Könnte man auch Einreisesperren verhängen oder vermehrt Grenzkontrollen durchführen? «Das Problem ist, an den Grenzen kontrolliert im Moment niemand mehr. Die Einreiseverbote kann man relativ einfach umgehen», erklärt Fässler. Zudem gibt er zu bedenken: «Meines Erachtens sind die Vorteile des freien Personenverkehrs deutlich grösser, als die Forderung, jetzt wieder vermehrt Grenzkontrollen zu machen.»

Parmelin steht hinter Nachrichtendienst

Über den musikalischen Grossanlass der Rechtsradikalen war die Polizei zwar vom Nachrichtendienst informiert worden – allerdings erst wenige Stunden vor Konzertbeginn. Bundesrat Guy Parmelin, der politische Verantwortliche für den Nachrichtendienst, sagt jedoch gegenüber der «Tagesschau» klar, das Verhalten sei korrekt gewesen.

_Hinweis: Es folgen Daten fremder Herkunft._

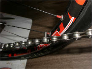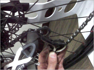 新しくチェーンを組みつける場合、前後一番大きいギアにチェーンにひっかけ調節します。 チェーンの長さは今まで使っていたものと同じに合わせるのが一番簡単です。 |
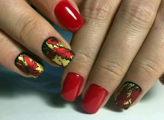 Кольорова фольга добре поєднується з насиченими кольорами гель-лаку, наприклад, з червоним. Крім того, ви можете поєднувати кілька кольорів фольги на одному нігті.

«Wir sind Gesetzen unterworfen, die wir akzeptieren müssen. Vielleicht müssen wir uns die Frage stellen, ob wir die Gesetze neu anpassen müssen.» Parmelin erklärt, mit dem neuen Nachrichtendienstgesetz könne man gegen Extremismus von Links und Rechts nur vorgehen, wenn es ein gewaltsamer Extremismus sei, der das Land in Gefahr bringe.